Jack Tien-Dana, sixteen, Bronx, New York:
“The subsequent day, the health facility transferred my mom to a New York clinic. My father rode with her in the ambulance while my aunt, a semi-well-known style editor and full-fledged diva, drove me domestic with my uncle and cousin. We were on the Westside Highway when she rear-ended a cab. She flew out of the automobile to excoriate the cabbie (note: she rear-ended him) and, for the duration of a lull inside the resulting fracas, she stuck her head in my window and hissed at a cheese-dusted me. I began holding a complete canister of cheese puffs, which jounced and landed all over me.
Don’t tell your mother this passed off.'” I have chosen three young writers who were 16 years old, the same age as Greta Thunberg. I don’t know their backstory. However, I bet they have had adults who endorsed them, from an early age, to perform the three essential behaviors that mark a literate individual: to examine critically, write purposefully, and communicate approximately how meaning is created via reading and writing.
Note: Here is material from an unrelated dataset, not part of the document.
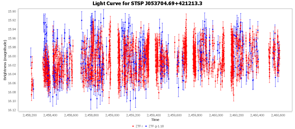 | J2000.0 | 05 37 04.69 +42 12 13.3 | Mag. range | 15.96 - 16.04 r |

Greta Thunberg truly has the same items, magnified by her capacity as a young person to speak to large businesses of adults when the stakes are excessive. Let’s stipulate that a speech at the United Nations is a step up from nailing that college admissions essay.
So, let’s see how and what she did. (My commentary is in parenthesis.)
Transcript: Climate activist Greta Thunberg, 16, addressed the U.N.’s Climate Action Summit in New York City on Monday.
My message is that we’ll be looking at you.
(In syntax, we talk about the “variety” and “person” of pronouns. Each designation contributes to the voice of the speaker. In eight words, we get three of them. “My” indicates the first individual singular, showing the writer seizes ownership of these thoughts. “We” is first-man or woman plural, used collectively in the language of hard work union mess; however, it is also used in the language of “We the humans.” She isn’t always on my own. Her remaining word is the second-person plural, “you.” In most instances, this creates the illusion of discourse, the “I” and the “Thou.” But as the object of the verb “looking,” it feels extra ominous here. It’s no longer Big Brother who is looking. But Little Sister.) This is all wrong. I shouldn’t be up here. I have to be lower back in college on the opposite aspect of the sea. Yet you all come to us younger human beings for desire. How dare you!
(Short sentences have the sensation of gospel truth. Here, we get a chain of them. She will now not allow her target market off the hook with an extended flowing sentence. Each length is like a hammer pounded at the podium. The target audience can’t see the exclamation mark on the quit of this paragraph, but they can hear it. I discovered that “How dare you!” was uncomfortable to read and hear. I diagnosed, guiltily, with the failed grownups in the audience. Her language is that of an angry, determined, or stern faculty instructor scolding an infant. That inversion of expectation defines her voice.)